~ Semantic Search Art ~

k-nn test in C#

k-nearest neighbors

Conceptually this algorithm is elementary. When applied for categorization of documents, it process vectors representing rows in document/term matrix. The limited subset of rows must be manually categorized i.e. assigned labels. It is called training set. Other vectors are assigned labels by comparing them to each vector from training set. The decision is made not only by the closest vector but by the small group of nearest vectors (nearest neighbors). The papers explaining k-nn usually show pictures like this

that I borrowed from Wikipedia, where green point is the one that needs to be labeled, blue and red points are already assigned labels. The sequence, in which tested points are selected affects the result, because all categorized points affect classification.

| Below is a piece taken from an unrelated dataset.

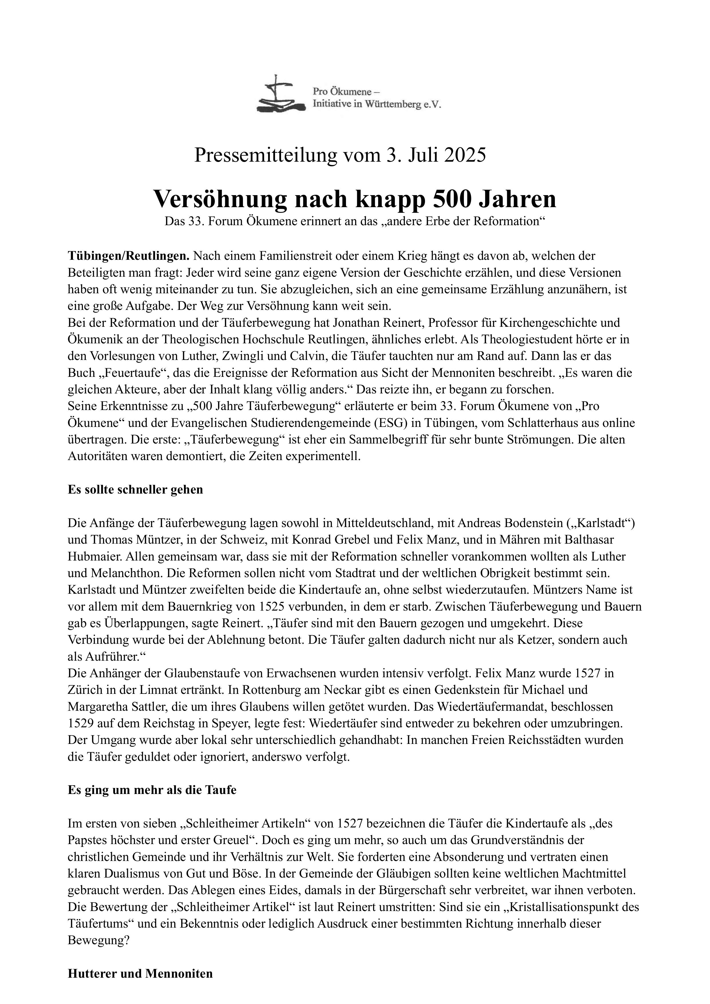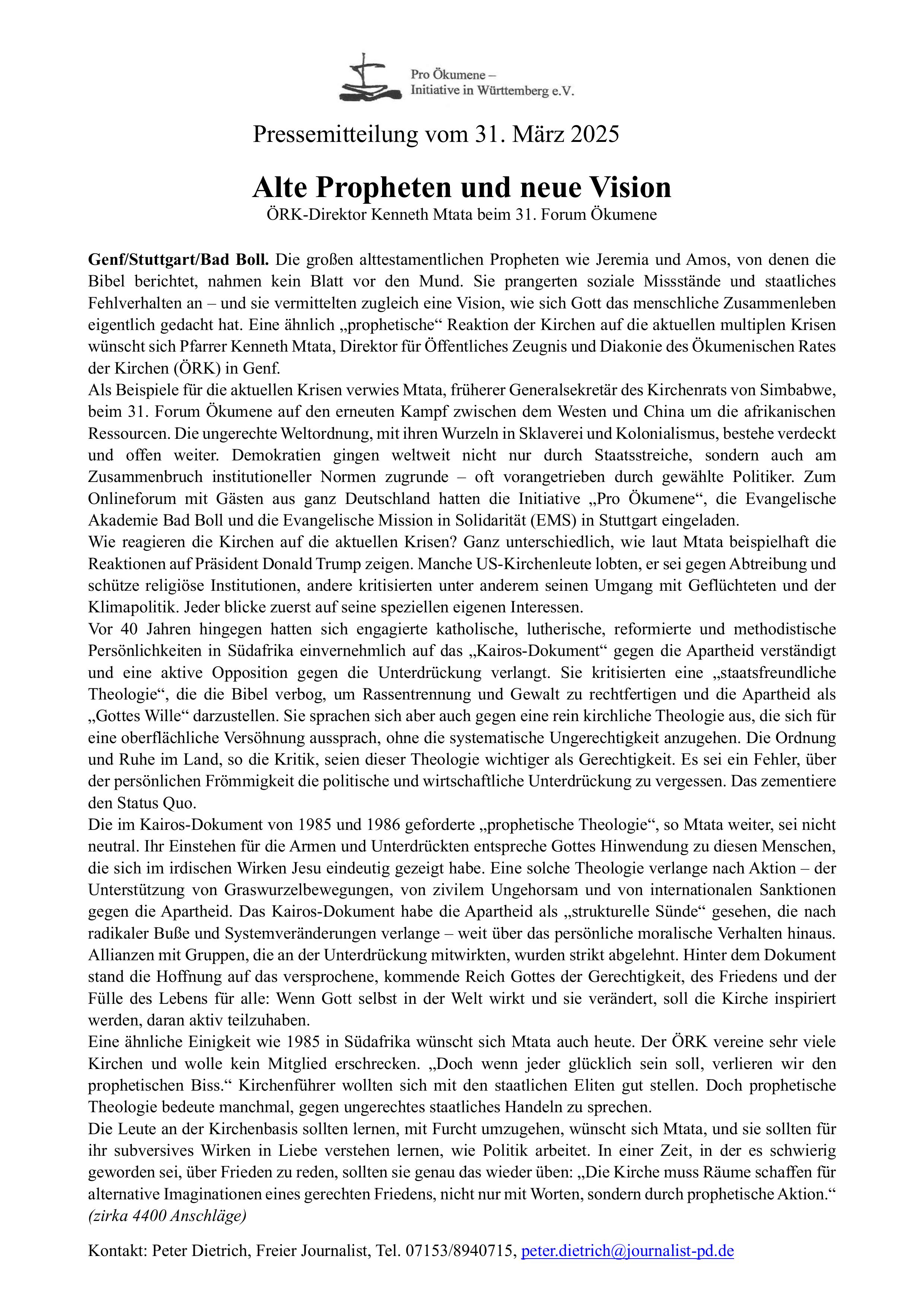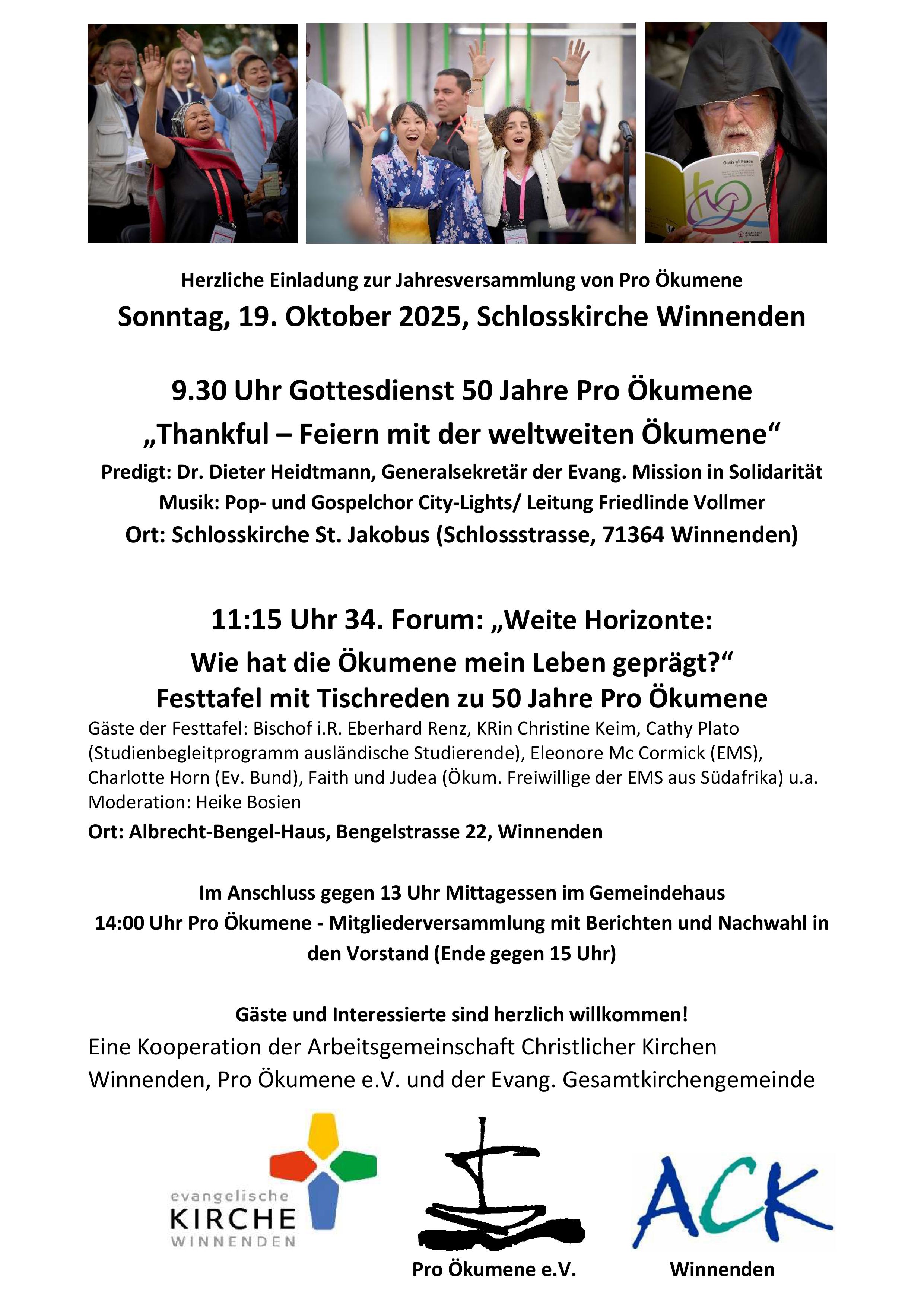 all diesen Tragödien zu Wort meldet und zum "Beten und Tun des Gerechten" aufruft. Als Pro Ökumene setzen wir uns mit unseren "Forum Ökumene"-Veranstaltungen mit einer großen Bandbreite an Themen, Herausforderungen und Kontexten auseinander.

The measure of similarity can be chosen differently. In my experiments the cosine works much better than Hamming distance but some papers say opposite. The best number of nearest neighbors in my experiments also contradicts commonly used approach. The best result is achieved when only one closest point is used. The accuracy is 68 percent, test program at the link above. It is better than LSA, pLSA, LDA and worse than Naive Bayes and Hierarchical Agglomerative Clustering.

In order to optimize performance for very large number of documents k-nn needs k-Dimensional tree. The goal of this experiment was accuracy and, on that reason, the k-d tree was not programmed. Those who interested can find k-d trees programs on-line specifically designed to be used in k-nn algorithm. I quickly found this one, for example, but there are more.